(Beginning of STORED DATA)
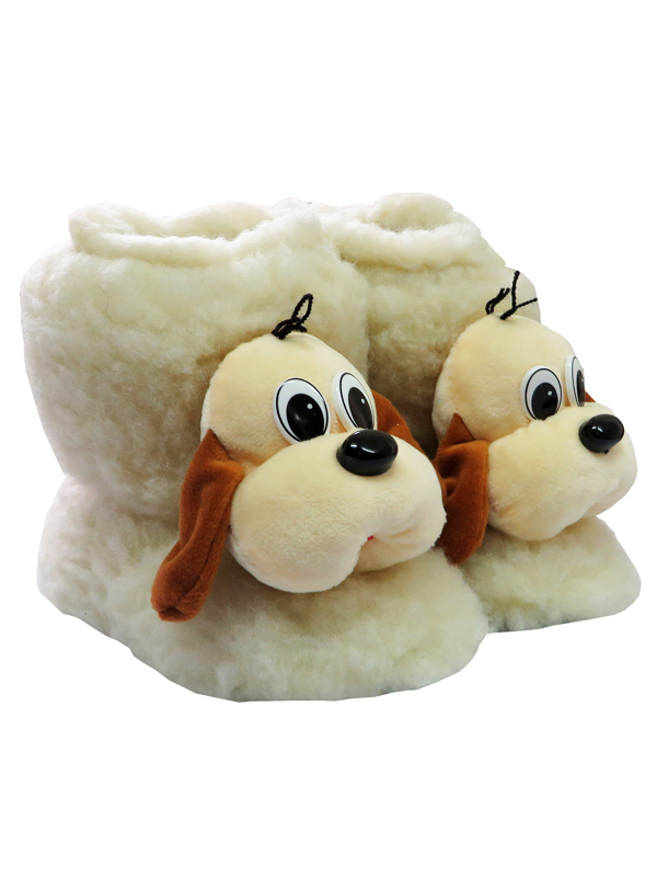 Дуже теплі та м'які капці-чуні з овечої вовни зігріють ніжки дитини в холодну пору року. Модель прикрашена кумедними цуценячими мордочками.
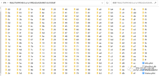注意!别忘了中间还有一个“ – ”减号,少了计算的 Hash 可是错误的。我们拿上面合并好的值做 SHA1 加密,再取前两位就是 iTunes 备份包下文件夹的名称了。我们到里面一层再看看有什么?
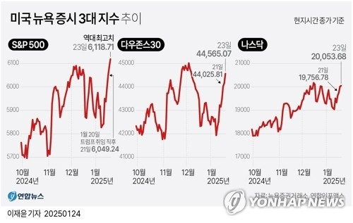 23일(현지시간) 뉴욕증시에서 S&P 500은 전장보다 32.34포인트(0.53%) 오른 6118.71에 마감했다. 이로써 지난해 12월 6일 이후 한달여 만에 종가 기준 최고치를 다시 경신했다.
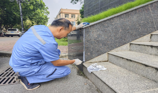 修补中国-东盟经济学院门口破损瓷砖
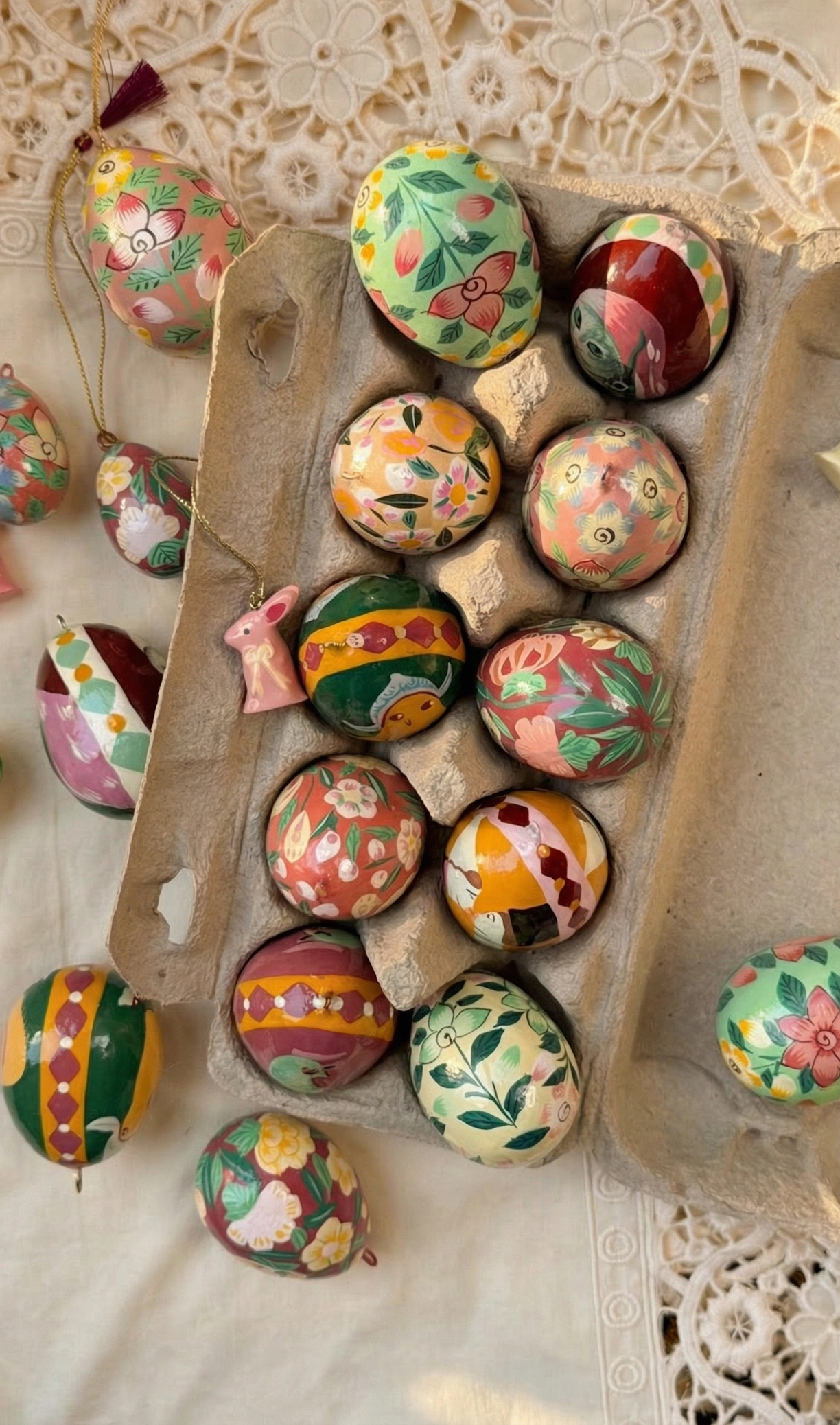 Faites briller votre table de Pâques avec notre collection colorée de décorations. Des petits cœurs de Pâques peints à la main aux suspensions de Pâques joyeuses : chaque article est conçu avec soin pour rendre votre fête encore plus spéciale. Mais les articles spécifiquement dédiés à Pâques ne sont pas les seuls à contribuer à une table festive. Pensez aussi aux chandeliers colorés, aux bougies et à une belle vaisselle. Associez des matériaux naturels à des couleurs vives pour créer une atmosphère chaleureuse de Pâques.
(End of STORED DATA)
__AIM OF THE TASK__:
Using the listing above, copy every line from the line containing "加密,再取前两位就是 iTunes 备份包下文件夹的名称了。我们到里面一层再看看有什么?" through the last one, both included, and no other lines. Pictures stay out.

__REPLY TO THE EXERCISE__:
注意!别忘了中间还有一个“ – ”减号,少了计算的 Hash 可是错误的。我们拿上面合并好的值做 SHA1 加密,再取前两位就是 iTunes 备份包下文件夹的名称了。我们到里面一层再看看有什么?
 23일(현지시간) 뉴욕증시에서 S&P 500은 전장보다 32.34포인트(0.53%) 오른 6118.71에 마감했다. 이로써 지난해 12월 6일 이후 한달여 만에 종가 기준 최고치를 다시 경신했다.
 修补中国-东盟经济学院门口破损瓷砖
 Faites briller votre table de Pâques avec notre collection colorée de décorations. Des petits cœurs de Pâques peints à la main aux suspensions de Pâques joyeuses : chaque article est conçu avec soin pour rendre votre fête encore plus spéciale. Mais les articles spécifiquement dédiés à Pâques ne sont pas les seuls à contribuer à une table festive. Pensez aussi aux chandeliers colorés, aux bougies et à une belle vaisselle. Associez des matériaux naturels à des couleurs vives pour créer une atmosphère chaleureuse de Pâques.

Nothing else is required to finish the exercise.